Use the command from the Data Collector installation directory as follows:
bin/streamsets stagelib-cli jks-credentialstore add -i <cstore ID> -n <secret name> -c <secret value>
For example, the following command adds a secret named OracleDBPassword with the value 278yT6u to the devjks Java keystore credential store:
bin/streamsets stagelib-cli jks-credentialstore add -i devjks -n OracleDBPassword -c 278yT6u
Note: The stagelib-cli jks-credentialstore command also includes delete and list subcommands that you use to manage the secrets defined in the keystore file. For information on using these commands, see jks-credentialstore command reference (Java only).

jks-credentialstore command reference (Java only)

The stagelib-cli jks-credentialstore command provides subcommands to add, list, and delete secrets in the Java keystore credential store.

Any changes made to the Java keystore file take effect immediately. For example, if you change the value of an existing secret in the file, running flows that require a new connection to the external system use the updated secret.
Note: In previous releases, the jks-cs command provided the same subcommands to add, list, and delete secrets in the Java keystore credential store. However, the jks-cs command is now deprecated and will be removed in a future release.
You can use the following subcommands with the stagelib-cli jks-credentialstore command:
add
Adds a secret to the Java keystore credential store.
Use the command from the Data Collector installation directory as follows:
bin/streamsets stagelib-cli jks-credentialstore add \
(-i <cstore ID> | --id <cstore ID>) \
(-n <secret name> | --name <secret name>) \
(-c <secret value> | --credential <secret value>)
Add Option Description
-i <cstore ID>

or

--id <cstore ID>

Required. Unique ID for the credential store.

The default ID for a Java keystore is jks.

-n <secret name>

or

--name <secret name>

Required. Name of the secret to add to the Java keystore credential store.

If the name includes non-alphanumeric characters, use single quotation marks around the name.

-c <secret value>

or

--credential <secret value>

Required. Value to add to the Java keystore credential store.

If the value includes non-alphanumeric characters, use single quotation marks around the value.

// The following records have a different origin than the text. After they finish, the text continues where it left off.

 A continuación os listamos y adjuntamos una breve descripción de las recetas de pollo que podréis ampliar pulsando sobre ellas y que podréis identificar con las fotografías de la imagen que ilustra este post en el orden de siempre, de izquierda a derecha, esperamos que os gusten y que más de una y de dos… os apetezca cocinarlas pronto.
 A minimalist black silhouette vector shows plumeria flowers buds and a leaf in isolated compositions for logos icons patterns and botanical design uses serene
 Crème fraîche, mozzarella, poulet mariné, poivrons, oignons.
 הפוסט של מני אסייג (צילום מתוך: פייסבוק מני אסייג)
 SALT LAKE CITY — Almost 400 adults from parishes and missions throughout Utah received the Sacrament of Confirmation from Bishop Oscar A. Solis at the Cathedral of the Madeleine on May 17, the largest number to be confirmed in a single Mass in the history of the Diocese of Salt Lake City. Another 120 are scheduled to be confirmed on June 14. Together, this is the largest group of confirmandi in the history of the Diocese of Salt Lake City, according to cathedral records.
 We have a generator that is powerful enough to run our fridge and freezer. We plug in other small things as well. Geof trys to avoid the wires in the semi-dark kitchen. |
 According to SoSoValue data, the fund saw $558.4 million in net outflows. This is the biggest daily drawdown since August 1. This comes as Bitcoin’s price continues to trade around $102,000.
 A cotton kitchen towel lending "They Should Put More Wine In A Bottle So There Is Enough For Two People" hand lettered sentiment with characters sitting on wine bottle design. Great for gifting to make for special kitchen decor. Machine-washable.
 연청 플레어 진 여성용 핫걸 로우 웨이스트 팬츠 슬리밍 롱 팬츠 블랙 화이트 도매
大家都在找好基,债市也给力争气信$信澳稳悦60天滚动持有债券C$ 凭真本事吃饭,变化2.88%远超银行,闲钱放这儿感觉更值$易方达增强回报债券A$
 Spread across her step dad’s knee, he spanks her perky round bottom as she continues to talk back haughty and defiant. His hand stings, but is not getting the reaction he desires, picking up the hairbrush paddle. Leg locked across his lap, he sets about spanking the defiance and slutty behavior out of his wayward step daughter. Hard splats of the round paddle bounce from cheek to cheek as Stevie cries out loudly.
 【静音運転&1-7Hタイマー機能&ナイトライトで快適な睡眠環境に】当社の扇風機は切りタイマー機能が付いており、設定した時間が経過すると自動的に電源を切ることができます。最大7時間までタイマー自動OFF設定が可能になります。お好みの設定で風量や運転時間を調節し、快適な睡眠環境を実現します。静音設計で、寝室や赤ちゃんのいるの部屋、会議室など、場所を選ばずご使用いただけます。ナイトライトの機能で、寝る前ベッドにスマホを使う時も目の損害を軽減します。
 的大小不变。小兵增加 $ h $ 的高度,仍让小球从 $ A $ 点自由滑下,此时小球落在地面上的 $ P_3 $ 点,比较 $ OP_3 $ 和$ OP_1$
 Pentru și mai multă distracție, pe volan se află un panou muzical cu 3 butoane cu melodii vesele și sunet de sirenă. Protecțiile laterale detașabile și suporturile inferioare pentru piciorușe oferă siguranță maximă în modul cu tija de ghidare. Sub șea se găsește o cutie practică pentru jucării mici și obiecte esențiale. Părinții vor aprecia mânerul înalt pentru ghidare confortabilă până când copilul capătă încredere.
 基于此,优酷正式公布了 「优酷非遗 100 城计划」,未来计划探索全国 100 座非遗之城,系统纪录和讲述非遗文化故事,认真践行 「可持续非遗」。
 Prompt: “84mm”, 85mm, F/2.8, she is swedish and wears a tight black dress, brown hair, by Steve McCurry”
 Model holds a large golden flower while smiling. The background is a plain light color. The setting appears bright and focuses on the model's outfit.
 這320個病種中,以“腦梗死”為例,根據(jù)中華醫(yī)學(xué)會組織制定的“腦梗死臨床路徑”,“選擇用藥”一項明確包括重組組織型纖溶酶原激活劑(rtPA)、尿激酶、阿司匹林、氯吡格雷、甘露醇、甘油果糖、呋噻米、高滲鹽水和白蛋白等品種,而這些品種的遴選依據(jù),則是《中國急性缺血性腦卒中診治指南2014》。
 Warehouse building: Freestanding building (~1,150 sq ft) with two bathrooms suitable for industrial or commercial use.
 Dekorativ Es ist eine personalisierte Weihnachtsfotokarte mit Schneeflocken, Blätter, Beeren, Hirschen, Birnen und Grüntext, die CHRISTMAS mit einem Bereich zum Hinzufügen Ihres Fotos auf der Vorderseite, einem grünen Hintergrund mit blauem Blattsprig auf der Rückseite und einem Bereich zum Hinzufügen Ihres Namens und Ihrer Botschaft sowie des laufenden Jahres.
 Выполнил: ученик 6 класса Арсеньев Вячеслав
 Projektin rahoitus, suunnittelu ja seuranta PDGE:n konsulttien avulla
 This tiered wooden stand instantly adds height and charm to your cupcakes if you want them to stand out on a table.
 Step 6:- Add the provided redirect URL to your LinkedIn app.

For example, the following command adds a secret named OracleDBPassword with the value df35yT_&5 to the devjks Java keystore credential store:

bin/streamsets stagelib-cli jks-credentialstore add -i devjks -n OracleDBPassword -c 'df35yT_&5'
delete
Deletes a secret from the Java keystore credential store.
Use the command from the Data Collector installation directory as follows:
bin/streamsets stagelib-cli jks-credentialstore delete \
(-i <cstore ID> | --id <cstore ID>) \
(-n <secret name> | --name <secret name>)
Delete Option Description
-i <cstore ID>

or

--id <cstore ID>

Required. Unique ID for the credential store.

The default ID for a Java keystore is jks.

-n <secret name>

or

--name <secret name>

Required. Name of the secret to delete from the Java keystore credential store.

If the name includes non-alphanumeric characters, use single quotation marks around the name.

For example, the following command deletes a secret named SQLServerDBPassword from the devjks Java keystore credential store:
bin/streamsets stagelib-cli jks-credentialstore delete -i devjks -n SQLServerDBPassword
list
Lists the names of all secrets defined in the Java keystore credential store. The command does not list the values.
Use the command from the Data Collector installation directory as follows:
bin/streamsets stagelib-cli jks-credentialstore list \
(-i <cstore ID> | --id <cstore ID>)
List Option Description
-i <cstore ID>

or

--id <cstore ID>

Required. Unique ID for the credential store.

The default ID for a Java keystore is jks.

For example, the following command lists the names of all secrets defined in the devjks Java keystore credential store:
bin/streamsets stagelib-cli jks-credentialstore list -i devjks

Calling secrets from the flow

Specify credential functions in stage properties to retrieve keys or secrets from a credential store.

You can use credential functions in any stage property that displays an eye icon. For example:

Stage properties with eye icons.

Important: When you use a credential function in a stage property, the function must be the only value defined in the property.

For details about credential functions, see Credential functions.